Like many who watch developments in transportation, urban design, and particularly the areas where they overlap, I’ve been following the self-driving story. Here are a few of my thoughts.
First, let me say from the start that I’m in favor of ANYTHING that makes our roads less deadly to the vulnerable user, whether on foot or on bike. However, I think that waiting for the autonomous car will mean many more will be sacrificed in the name of transportation. What we should be doing right now is redesigning our transportation infrastructure and promoting alternatives to personal motor vehicle traffic.

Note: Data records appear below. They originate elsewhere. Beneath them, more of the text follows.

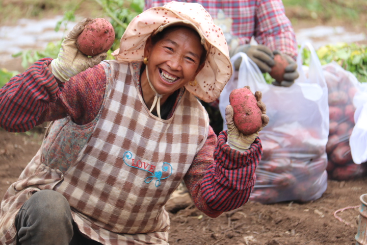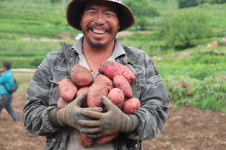 “以前我們種植傳統(tǒng)農(nóng)作物,收入低下,現(xiàn)在在政府的引導(dǎo)下,大規(guī)模種植洋芋,黨委政府還為我們解決銷售后顧之憂,收入成倍增加?!闭谔镩g勞作的村民孫諾江初笑呵呵地說。
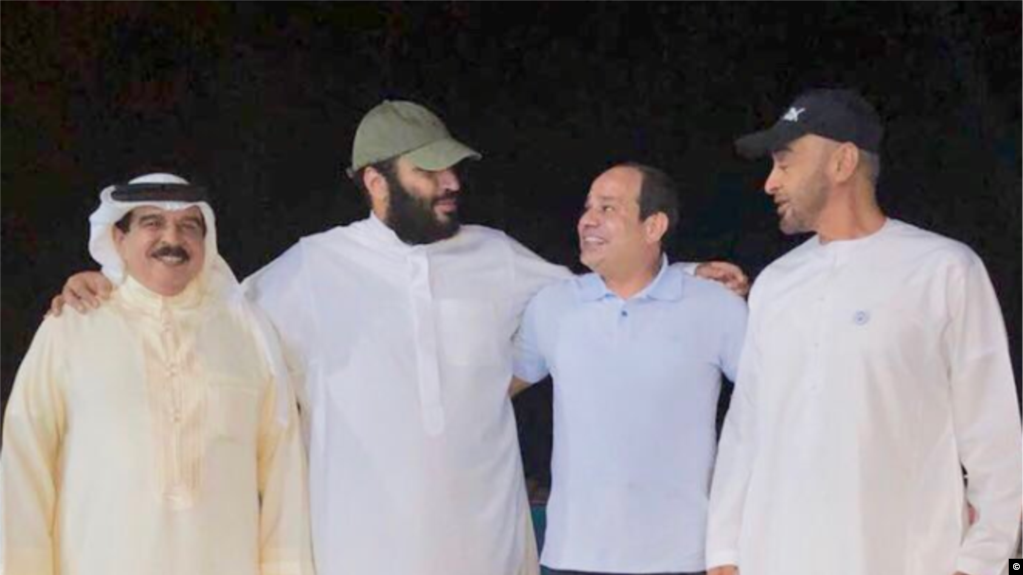 ونشر الأستاذ الجامعي على هاشتاج #محمد مرسي، صورة تجمع السيسي وبن سلمان وبن زايد وملك البحرين قائلا «السيسي القاتل مع أصدقائه المقربين».
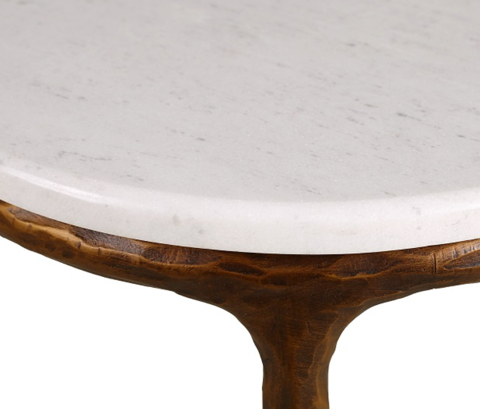 Beistelltisch Marmorplatte organisch + Metallgestell messing
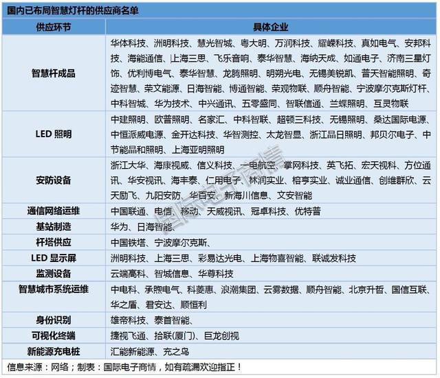四、智慧燈桿供應(yīng)鏈企業(yè)盤(pán)點(diǎn)
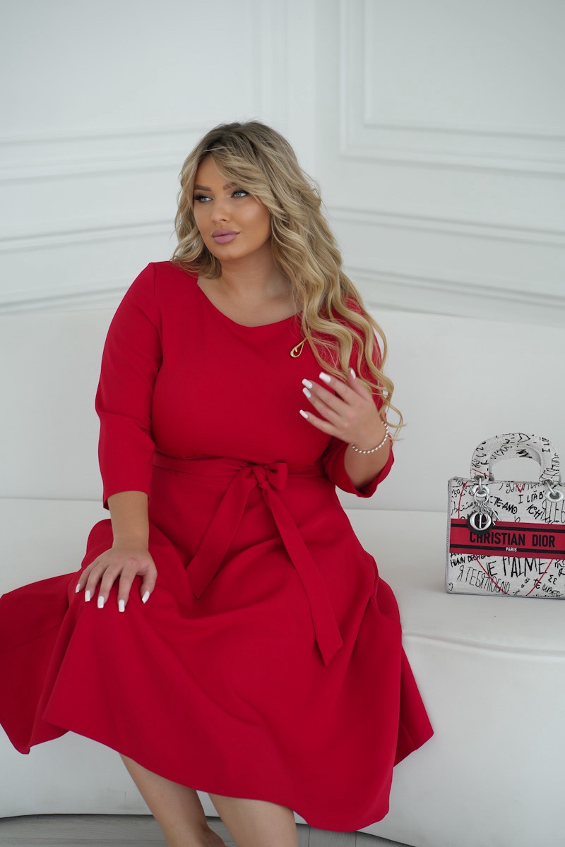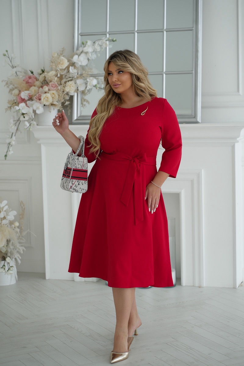 Elegancka sukienka midi w czerwonym kolorze z rękawami 3/4 i okrągłym dekoltem. Na piersi sukienka ozdobiona jest stylową broszką, która dodaje uroku całej stylizacji. Pasek w talii jest zawiązany, co pozwala na regulację dopasowania i podkreślenie kobiecych kształtów. Lekki materiał nadaje sukience zwiewności i komfortu, co czyni ją idealnym wyborem na różne okazje.
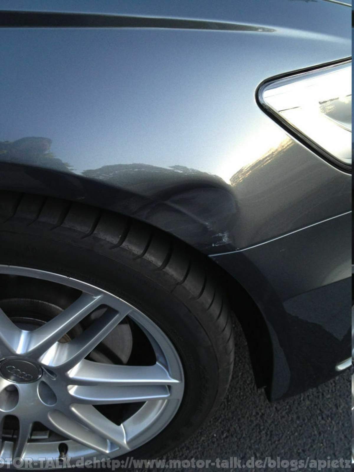 ... der rechte Kotflügel war eingedrückt und auf dem Lack war Abrieb von ihrem Reifen und wohl auch etwas von Ihrer Felge.
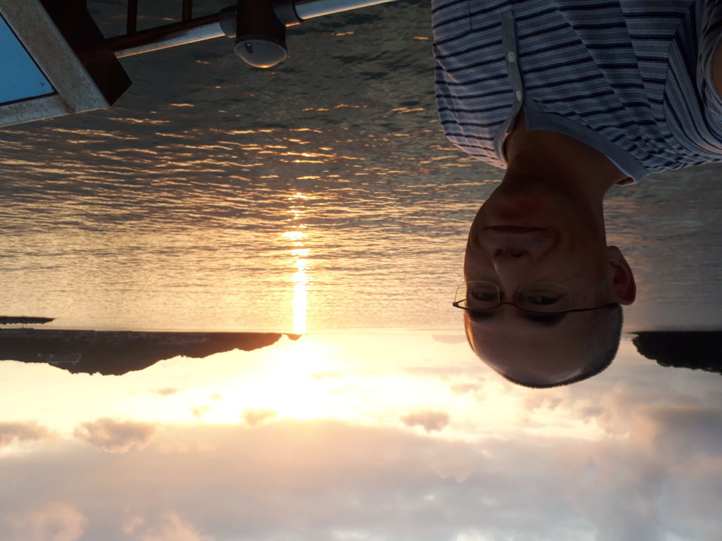 寮にて。すでに日は落ちて、夕焼けの余韻が残っている光景。左に船と3本のマストが写っているのは帆船「みらいへ」。
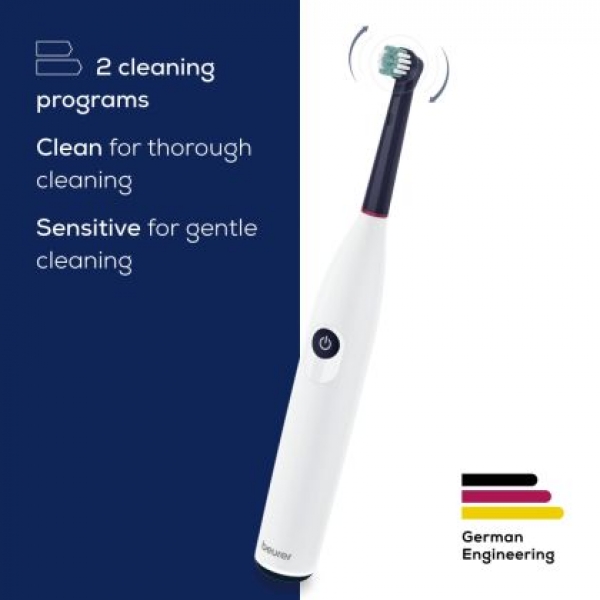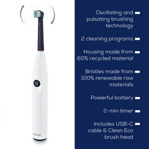Електрическа четка за зъби Beurer TB 15 Electric toothbrush; 2 cleaning programs; 12days Battery life; 2-min timer; Oscillating, pulsating, brushing technology; Incl. USB-C charging cable and Clean Eco brush head; white
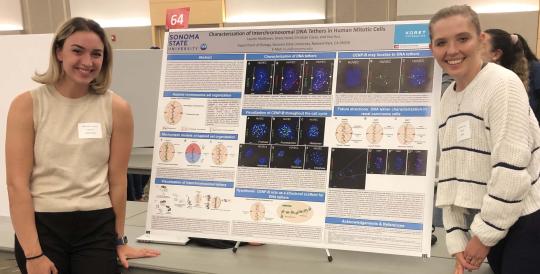 November 2019: Congratulations to Lab Members Angelica Aguilar and Shayla Shahar who recently received the Koret Award, part of the SSU 2019-2020 Student Research Awards! Angelica's project is “The Fidelity of Chromosome Organization in Aging” and Shayla's project is "Chromosome Organization in Renal Carcinoma". Way to go, Angelica and Shayla!
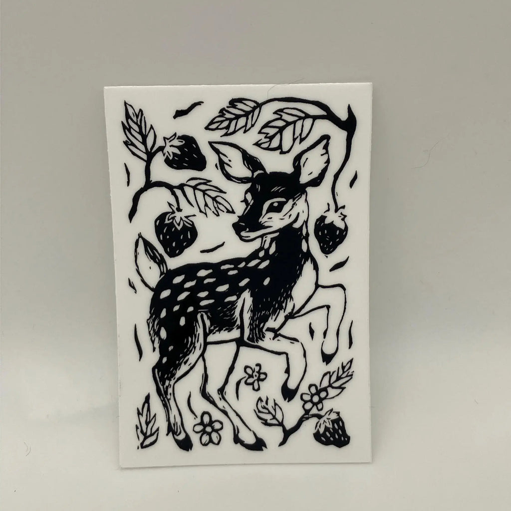 Black and white deer with strawberries sticker. Originally a block print, now digitized onto a sticker.
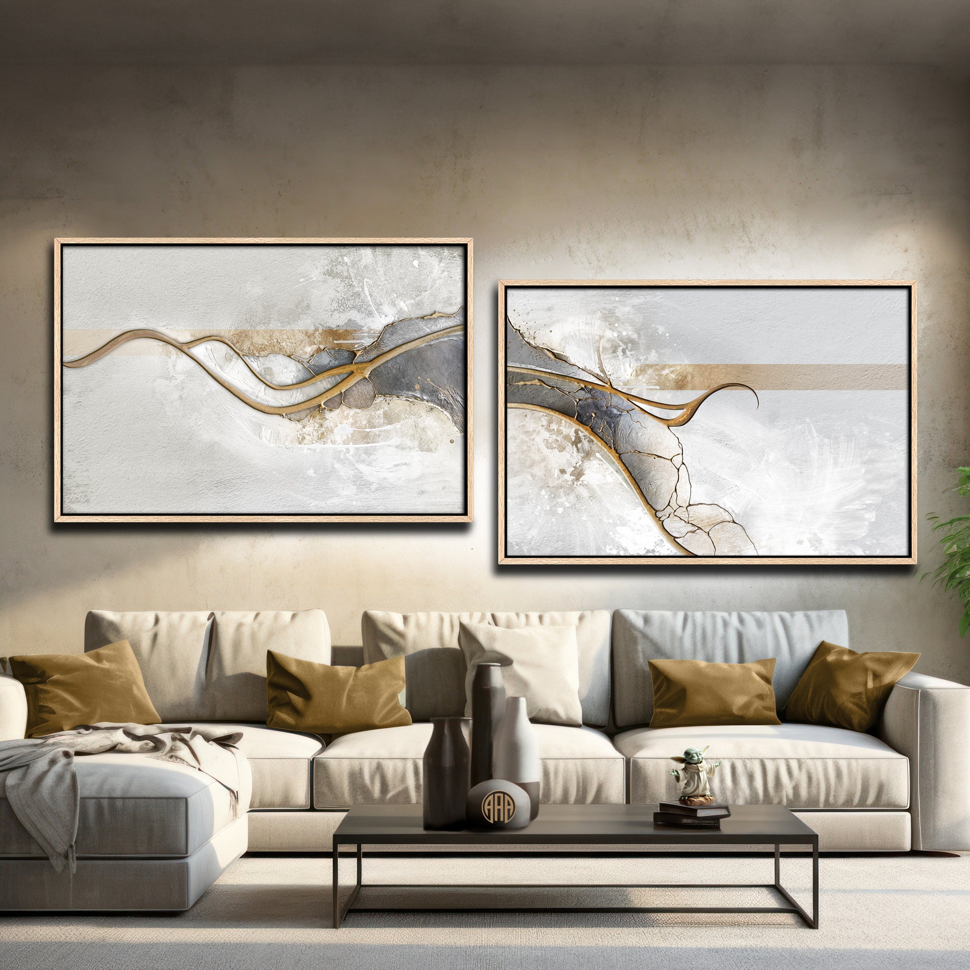 Gold and Grey Seduction began as a standalone piece, but as I worked on it, I saw the potential for a companion. Like some of my other works, it offers the freedom to hang it vertically or horizontally—alone or as a pair. You can rotate or flip the pieces depending on your mood or the feel of your space. It’s the kind of artwork that stays fresh just by being repositioned now and then.
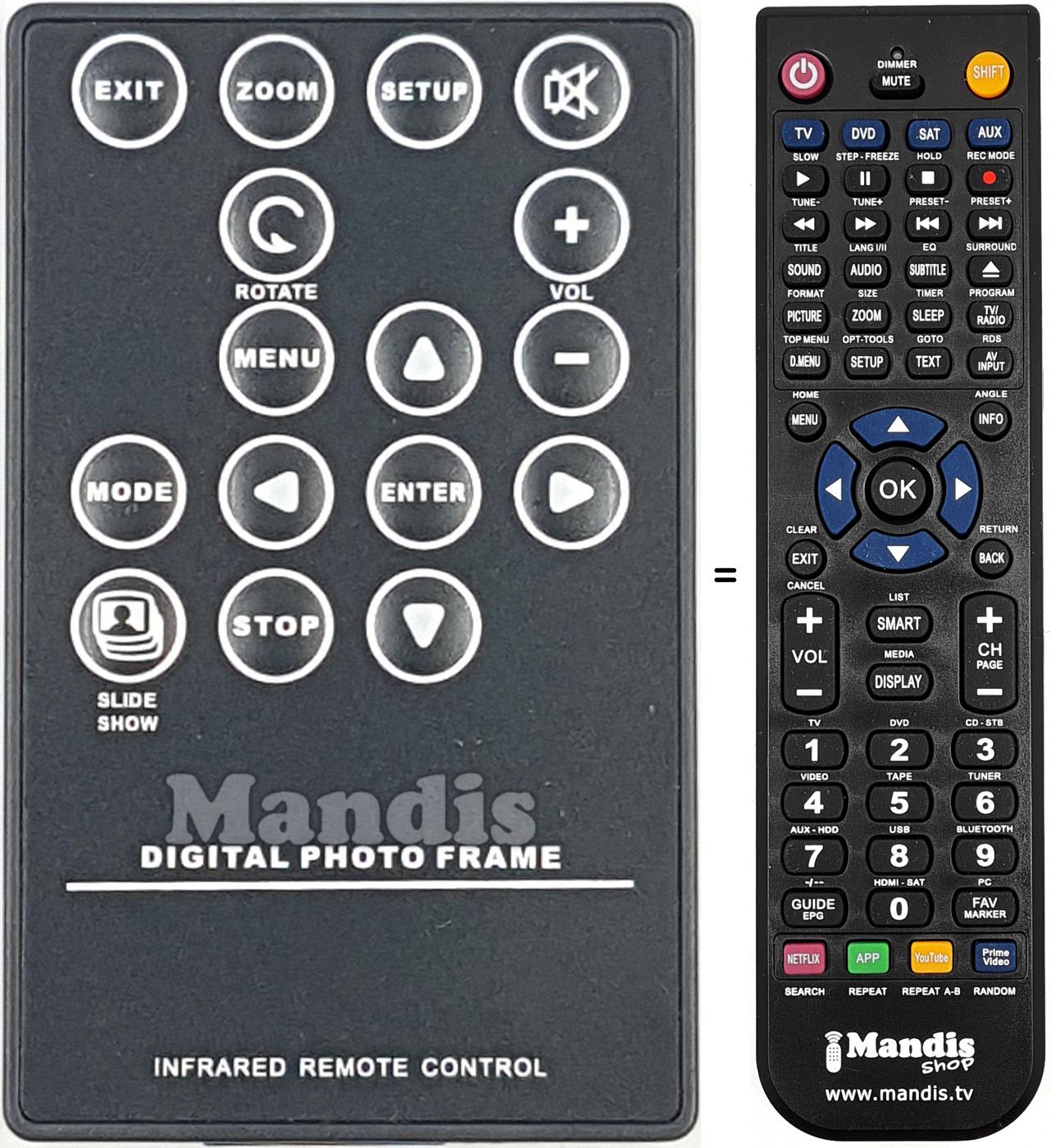 Vous pouvez également utiliser cette télécommande pour d'autres appareils, mais elle doit être programmée pour ces appareils avant de l'envoyer. Après l'envoi, le client aurait besoin d'un programmateur et d'un logiciel spéciaux pour pouvoir reprogrammer la télécommande.
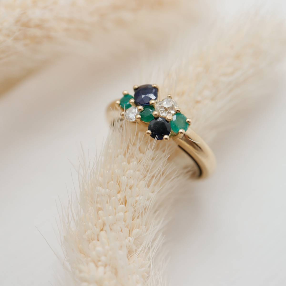 Les diamants, saphirs et émeraudes font partis des 4 pierres précieuses, leur combinaison sur cette bague est tout simplement époustouflante.
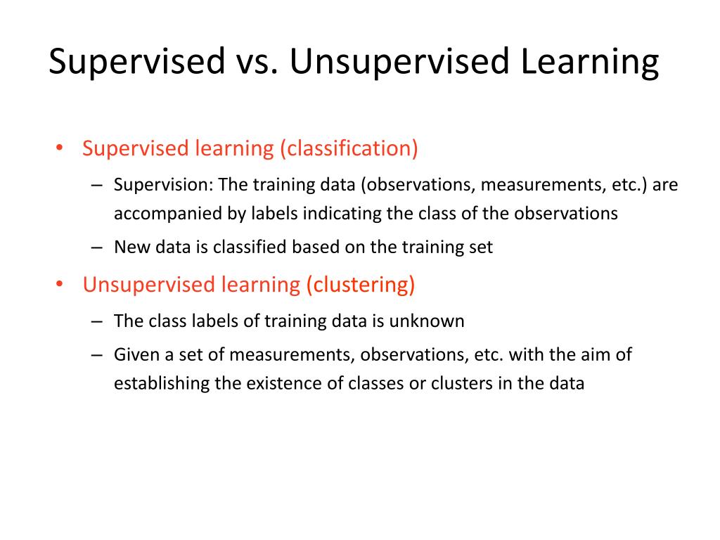 Supervised vs. Unsupervised Learning • Supervised learning (classification) • Supervision: The training data (observations, measurements, etc.) are accompanied by labels indicating the class of the observations • New data is classified based on the training set • Unsupervised learning(clustering) • The class labels of training data is unknown • Given a set of measurements, observations, etc. with the aim of establishing the existence of classes or clusters in the data
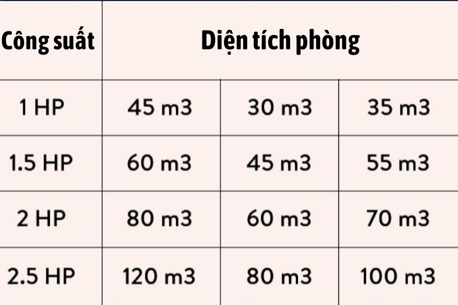 Khi chọn điều hòa cho phòng ngủ, công suất phù hợp với diện tích phòng là một yếu tố quan trọng để đảm bảo máy hoạt động hiệu quả và mang lại không gian mát mẻ.

Currently, many of our roadways are overdesigned for the speed limits posted. In fact, that speed limit is adjusted up or down based on how fast 85% of the drivers are going, regardless of that posted speed. So when we make the road wider and straighter in the interests of “safety,” we are in effect giving the motoring citizen the privilege of resetting that speed limit. Sure the road is now marginally safer for those encased in a metal box, but for vulnerable users it just became exponentially more dangerous. Furthermore, by enhancing the perception that the road is now faster, we encourage more drivers to take it, moving rapidly toward congestion once more. Each time this cycle plays out, we take away from the vulnerable citizen who chooses to walk or pedal to her/his destination.
And what of that final destination? Here in the US, the motoring public has acquired the right to free (or highly subsidized) storage of their metal box, we design and legislate parking requirements. Never mind that for 60 – 80% of the day, those spots stand vacant, waiting for someone to fill the lot. Not a very sustainable use of space in a growing city.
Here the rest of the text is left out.